Cannabis social media, blockchain, seed-to-sale company MassRoots (MSRT) had an unarguably tumultuous year in 2017. The founder Issac Dietrich lost control of the company he created, only to wrestle it back and replace the board with friendlier members. Dietrich immediately embarked on a strategy to get the company righted and in doing so awarded himself a hefty bonus even as the company reported extreme losses.

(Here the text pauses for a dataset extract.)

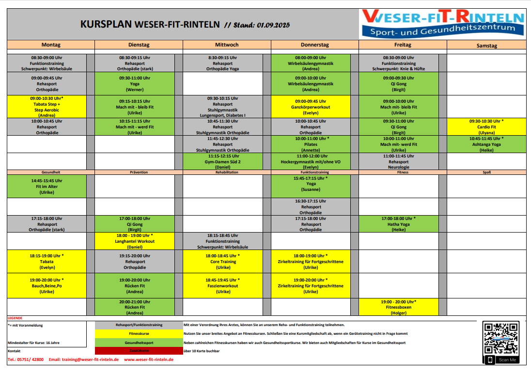 Neben unseren Kursen im Weser-Fit Rinteln bieten wir auch ein umfangreiches Externes Kursangebot in den örtlichen Grundschulen, Sporthallen sowie Schwimmbädern an. Die nachfolgende Tabelle gibt Ihnen eine Übersicht über unser aktuelles “Externes Kursangebot”. Bitte beachten Sie, dass für einige Kurse eine Voranmeldung zwingend erforderlich ist. Diese Kurse sind mit einem * gekennzeichnet.

MassRoots filed its annual report on Tuesday but didn’t get around to the company’s financials in the filing until page 24. Gross revenue for the year fell 54% to $319,242, while the net losses ballooned 146% to $44 million. The net loss per share for 2017 was 46 cents. The company said in its filing that the “Decline is primarily related to prior management’s decision to make MassRoots’ dispensary finder, its main source of revenue, free for dispensaries to use with the goal of getting them to upgrade to premium features, which did not materialize.”

Payroll and related expenses increased $991,528 to $3,104,407 during fiscal year 2017 from $2,112,879 during fiscal year 2016. MassRoots said that the increase was mainly a result of added personnel in 2017. However, the company actually slashed personnel and currently only has five full-time employees, two part-time and one full-time independent contractor. MassRoots also hasn’t paid its taxes. The company has payroll tax liabilities of approximately $1,599,489. However, the company did settle with its previous landlord following an eviction. That settlement was $145,000 and the company is now using a WeWork space.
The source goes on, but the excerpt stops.